Apart from the pictures, every entry must be retyped exactly.

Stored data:
══════════
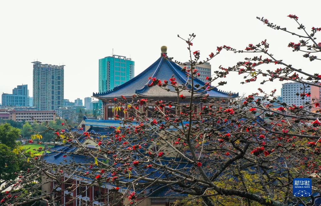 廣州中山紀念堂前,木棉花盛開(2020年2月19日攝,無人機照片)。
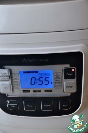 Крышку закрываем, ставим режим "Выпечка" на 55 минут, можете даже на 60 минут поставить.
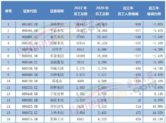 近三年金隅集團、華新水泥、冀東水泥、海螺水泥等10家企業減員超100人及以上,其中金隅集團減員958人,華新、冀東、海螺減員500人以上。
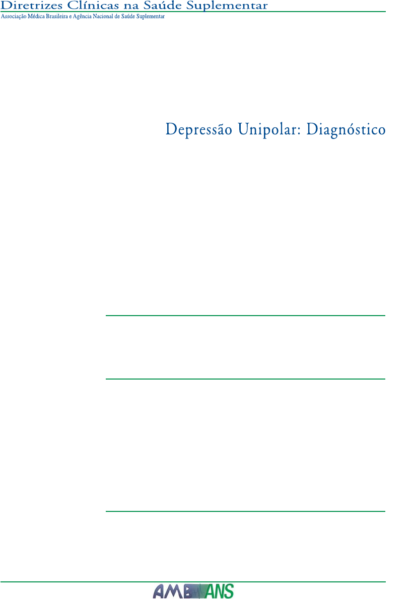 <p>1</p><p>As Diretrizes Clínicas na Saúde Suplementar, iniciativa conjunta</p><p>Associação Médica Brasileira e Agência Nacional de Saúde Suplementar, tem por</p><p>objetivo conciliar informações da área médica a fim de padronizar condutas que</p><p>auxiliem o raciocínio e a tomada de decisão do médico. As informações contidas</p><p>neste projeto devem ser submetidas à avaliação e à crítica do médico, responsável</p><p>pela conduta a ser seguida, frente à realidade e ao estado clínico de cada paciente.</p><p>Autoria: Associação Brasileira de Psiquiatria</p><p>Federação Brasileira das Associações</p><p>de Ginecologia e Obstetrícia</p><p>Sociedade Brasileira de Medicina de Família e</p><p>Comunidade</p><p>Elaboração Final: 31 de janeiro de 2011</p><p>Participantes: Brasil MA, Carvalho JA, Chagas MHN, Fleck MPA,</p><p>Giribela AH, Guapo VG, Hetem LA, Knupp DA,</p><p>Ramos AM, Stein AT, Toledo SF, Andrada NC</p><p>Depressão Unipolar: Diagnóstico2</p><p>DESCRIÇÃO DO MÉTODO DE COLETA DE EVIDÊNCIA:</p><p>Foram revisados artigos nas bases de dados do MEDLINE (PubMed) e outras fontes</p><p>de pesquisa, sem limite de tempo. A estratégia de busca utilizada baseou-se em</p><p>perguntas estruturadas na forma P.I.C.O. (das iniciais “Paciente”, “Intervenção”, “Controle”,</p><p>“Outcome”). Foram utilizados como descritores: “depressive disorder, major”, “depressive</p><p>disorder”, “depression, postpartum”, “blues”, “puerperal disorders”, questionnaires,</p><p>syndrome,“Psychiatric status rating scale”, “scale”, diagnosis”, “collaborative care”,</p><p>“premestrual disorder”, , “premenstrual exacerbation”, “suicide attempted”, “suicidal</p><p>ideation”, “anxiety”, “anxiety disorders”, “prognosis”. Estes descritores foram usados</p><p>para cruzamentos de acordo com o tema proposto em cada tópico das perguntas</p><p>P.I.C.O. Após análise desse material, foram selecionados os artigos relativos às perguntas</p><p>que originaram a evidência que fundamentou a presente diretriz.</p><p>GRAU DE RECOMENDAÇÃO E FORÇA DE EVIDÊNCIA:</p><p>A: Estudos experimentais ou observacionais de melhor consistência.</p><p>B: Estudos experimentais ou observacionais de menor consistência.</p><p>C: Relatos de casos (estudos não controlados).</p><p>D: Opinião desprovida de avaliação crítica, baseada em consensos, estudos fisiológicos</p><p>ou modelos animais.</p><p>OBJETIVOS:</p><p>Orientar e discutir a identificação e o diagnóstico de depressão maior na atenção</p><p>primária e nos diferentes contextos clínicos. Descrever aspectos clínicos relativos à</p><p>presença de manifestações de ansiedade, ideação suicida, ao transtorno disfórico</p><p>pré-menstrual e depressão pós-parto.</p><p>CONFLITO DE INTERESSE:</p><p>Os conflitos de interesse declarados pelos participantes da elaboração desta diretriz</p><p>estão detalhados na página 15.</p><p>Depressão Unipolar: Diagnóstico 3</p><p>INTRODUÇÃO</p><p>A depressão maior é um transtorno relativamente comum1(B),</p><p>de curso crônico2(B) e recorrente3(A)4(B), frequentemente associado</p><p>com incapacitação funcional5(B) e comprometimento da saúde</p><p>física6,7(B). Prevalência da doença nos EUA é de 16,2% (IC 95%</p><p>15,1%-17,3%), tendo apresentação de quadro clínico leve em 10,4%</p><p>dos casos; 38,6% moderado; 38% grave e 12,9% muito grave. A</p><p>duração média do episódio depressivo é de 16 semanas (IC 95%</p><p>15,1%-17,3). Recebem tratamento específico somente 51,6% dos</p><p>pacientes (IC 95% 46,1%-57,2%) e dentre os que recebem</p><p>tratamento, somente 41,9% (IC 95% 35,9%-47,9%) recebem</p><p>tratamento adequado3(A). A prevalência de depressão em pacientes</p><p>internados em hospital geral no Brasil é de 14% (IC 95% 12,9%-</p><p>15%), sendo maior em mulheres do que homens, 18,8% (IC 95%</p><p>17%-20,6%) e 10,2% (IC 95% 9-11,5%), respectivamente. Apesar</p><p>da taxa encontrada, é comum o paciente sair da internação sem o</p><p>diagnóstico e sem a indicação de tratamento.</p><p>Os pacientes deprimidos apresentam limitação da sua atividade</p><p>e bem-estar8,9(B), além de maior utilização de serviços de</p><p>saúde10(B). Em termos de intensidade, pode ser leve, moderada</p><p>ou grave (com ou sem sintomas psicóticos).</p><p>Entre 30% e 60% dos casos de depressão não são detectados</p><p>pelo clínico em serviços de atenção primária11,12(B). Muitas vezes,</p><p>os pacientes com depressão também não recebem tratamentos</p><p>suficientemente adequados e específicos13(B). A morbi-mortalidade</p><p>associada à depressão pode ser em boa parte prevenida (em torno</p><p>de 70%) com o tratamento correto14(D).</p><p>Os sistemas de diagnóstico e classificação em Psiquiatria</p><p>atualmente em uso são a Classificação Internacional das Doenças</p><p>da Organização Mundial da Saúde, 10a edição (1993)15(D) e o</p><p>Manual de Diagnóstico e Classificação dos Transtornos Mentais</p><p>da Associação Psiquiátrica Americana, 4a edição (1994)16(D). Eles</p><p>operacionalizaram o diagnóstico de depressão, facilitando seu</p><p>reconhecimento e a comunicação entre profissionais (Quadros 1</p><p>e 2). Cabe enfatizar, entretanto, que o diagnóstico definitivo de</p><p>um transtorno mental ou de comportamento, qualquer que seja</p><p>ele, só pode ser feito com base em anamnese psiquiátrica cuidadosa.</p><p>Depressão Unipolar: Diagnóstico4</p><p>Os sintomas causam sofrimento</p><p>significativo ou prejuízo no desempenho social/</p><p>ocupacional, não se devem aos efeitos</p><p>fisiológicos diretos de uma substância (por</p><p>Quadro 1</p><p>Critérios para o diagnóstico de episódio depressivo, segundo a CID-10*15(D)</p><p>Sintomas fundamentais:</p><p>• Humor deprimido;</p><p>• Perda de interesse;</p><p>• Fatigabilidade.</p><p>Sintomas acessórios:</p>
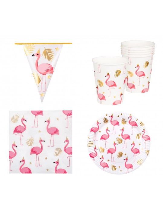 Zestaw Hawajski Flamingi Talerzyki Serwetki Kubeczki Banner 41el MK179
══════════
Response area:
 廣州中山紀念堂前,木棉花盛開(2020年2月19日攝,無人機照片)。
 Крышку закрываем, ставим режим "Выпечка" на 55 минут, можете даже на 60 минут поставить.
 近三年金隅集團、華新水泥、冀東水泥、海螺水泥等10家企業減員超100人及以上,其中金隅集團減員958人,華新、冀東、海螺減員500人以上。
 <p>1</p><p>As Diretrizes Clínicas na Saúde Suplementar, iniciativa conjunta</p><p>Associação Médica Brasileira e Agência Nacional de Saúde Suplementar, tem por</p><p>objetivo conciliar informações da área médica a fim de padronizar condutas que</p><p>auxiliem o raciocínio e a tomada de decisão do médico. As informações contidas</p><p>neste projeto devem ser submetidas à avaliação e à crítica do médico, responsável</p><p>pela conduta a ser seguida, frente à realidade e ao estado clínico de cada paciente.</p><p>Autoria: Associação Brasileira de Psiquiatria</p><p>Federação Brasileira das Associações</p><p>de Ginecologia e Obstetrícia</p><p>Sociedade Brasileira de Medicina de Família e</p><p>Comunidade</p><p>Elaboração Final: 31 de janeiro de 2011</p><p>Participantes: Brasil MA, Carvalho JA, Chagas MHN, Fleck MPA,</p><p>Giribela AH, Guapo VG, Hetem LA, Knupp DA,</p><p>Ramos AM, Stein AT, Toledo SF, Andrada NC</p><p>Depressão Unipolar: Diagnóstico2</p><p>DESCRIÇÃO DO MÉTODO DE COLETA DE EVIDÊNCIA:</p><p>Foram revisados artigos nas bases de dados do MEDLINE (PubMed) e outras fontes</p><p>de pesquisa, sem limite de tempo. A estratégia de busca utilizada baseou-se em</p><p>perguntas estruturadas na forma P.I.C.O. (das iniciais “Paciente”, “Intervenção”, “Controle”,</p><p>“Outcome”). Foram utilizados como descritores: “depressive disorder, major”, “depressive</p><p>disorder”, “depression, postpartum”, “blues”, “puerperal disorders”, questionnaires,</p><p>syndrome,“Psychiatric status rating scale”, “scale”, diagnosis”, “collaborative care”,</p><p>“premestrual disorder”, , “premenstrual exacerbation”, “suicide attempted”, “suicidal</p><p>ideation”, “anxiety”, “anxiety disorders”, “prognosis”. Estes descritores foram usados</p><p>para cruzamentos de acordo com o tema proposto em cada tópico das perguntas</p><p>P.I.C.O. Após análise desse material, foram selecionados os artigos relativos às perguntas</p><p>que originaram a evidência que fundamentou a presente diretriz.</p><p>GRAU DE RECOMENDAÇÃO E FORÇA DE EVIDÊNCIA:</p><p>A: Estudos experimentais ou observacionais de melhor consistência.</p><p>B: Estudos experimentais ou observacionais de menor consistência.</p><p>C: Relatos de casos (estudos não controlados).</p><p>D: Opinião desprovida de avaliação crítica, baseada em consensos, estudos fisiológicos</p><p>ou modelos animais.</p><p>OBJETIVOS:</p><p>Orientar e discutir a identificação e o diagnóstico de depressão maior na atenção</p><p>primária e nos diferentes contextos clínicos. Descrever aspectos clínicos relativos à</p><p>presença de manifestações de ansiedade, ideação suicida, ao transtorno disfórico</p><p>pré-menstrual e depressão pós-parto.</p><p>CONFLITO DE INTERESSE:</p><p>Os conflitos de interesse declarados pelos participantes da elaboração desta diretriz</p><p>estão detalhados na página 15.</p><p>Depressão Unipolar: Diagnóstico 3</p><p>INTRODUÇÃO</p><p>A depressão maior é um transtorno relativamente comum1(B),</p><p>de curso crônico2(B) e recorrente3(A)4(B), frequentemente associado</p><p>com incapacitação funcional5(B) e comprometimento da saúde</p><p>física6,7(B). Prevalência da doença nos EUA é de 16,2% (IC 95%</p><p>15,1%-17,3%), tendo apresentação de quadro clínico leve em 10,4%</p><p>dos casos; 38,6% moderado; 38% grave e 12,9% muito grave. A</p><p>duração média do episódio depressivo é de 16 semanas (IC 95%</p><p>15,1%-17,3). Recebem tratamento específico somente 51,6% dos</p><p>pacientes (IC 95% 46,1%-57,2%) e dentre os que recebem</p><p>tratamento, somente 41,9% (IC 95% 35,9%-47,9%) recebem</p><p>tratamento adequado3(A). A prevalência de depressão em pacientes</p><p>internados em hospital geral no Brasil é de 14% (IC 95% 12,9%-</p><p>15%), sendo maior em mulheres do que homens, 18,8% (IC 95%</p><p>17%-20,6%) e 10,2% (IC 95% 9-11,5%), respectivamente. Apesar</p><p>da taxa encontrada, é comum o paciente sair da internação sem o</p><p>diagnóstico e sem a indicação de tratamento.</p><p>Os pacientes deprimidos apresentam limitação da sua atividade</p><p>e bem-estar8,9(B), além de maior utilização de serviços de</p><p>saúde10(B). Em termos de intensidade, pode ser leve, moderada</p><p>ou grave (com ou sem sintomas psicóticos).</p><p>Entre 30% e 60% dos casos de depressão não são detectados</p><p>pelo clínico em serviços de atenção primária11,12(B). Muitas vezes,</p><p>os pacientes com depressão também não recebem tratamentos</p><p>suficientemente adequados e específicos13(B). A morbi-mortalidade</p><p>associada à depressão pode ser em boa parte prevenida (em torno</p><p>de 70%) com o tratamento correto14(D).</p><p>Os sistemas de diagnóstico e classificação em Psiquiatria</p><p>atualmente em uso são a Classificação Internacional das Doenças</p><p>da Organização Mundial da Saúde, 10a edição (1993)15(D) e o</p><p>Manual de Diagnóstico e Classificação dos Transtornos Mentais</p><p>da Associação Psiquiátrica Americana, 4a edição (1994)16(D). Eles</p><p>operacionalizaram o diagnóstico de depressão, facilitando seu</p><p>reconhecimento e a comunicação entre profissionais (Quadros 1</p><p>e 2). Cabe enfatizar, entretanto, que o diagnóstico definitivo de</p><p>um transtorno mental ou de comportamento, qualquer que seja</p><p>ele, só pode ser feito com base em anamnese psiquiátrica cuidadosa.</p><p>Depressão Unipolar: Diagnóstico4</p><p>Os sintomas causam sofrimento</p><p>significativo ou prejuízo no desempenho social/</p><p>ocupacional, não se devem aos efeitos</p><p>fisiológicos diretos de uma substância (por</p><p>Quadro 1</p><p>Critérios para o diagnóstico de episódio depressivo, segundo a CID-10*15(D)</p><p>Sintomas fundamentais:</p><p>• Humor deprimido;</p><p>• Perda de interesse;</p><p>• Fatigabilidade.</p><p>Sintomas acessórios:</p>
 Zestaw Hawajski Flamingi Talerzyki Serwetki Kubeczki Banner 41el MK179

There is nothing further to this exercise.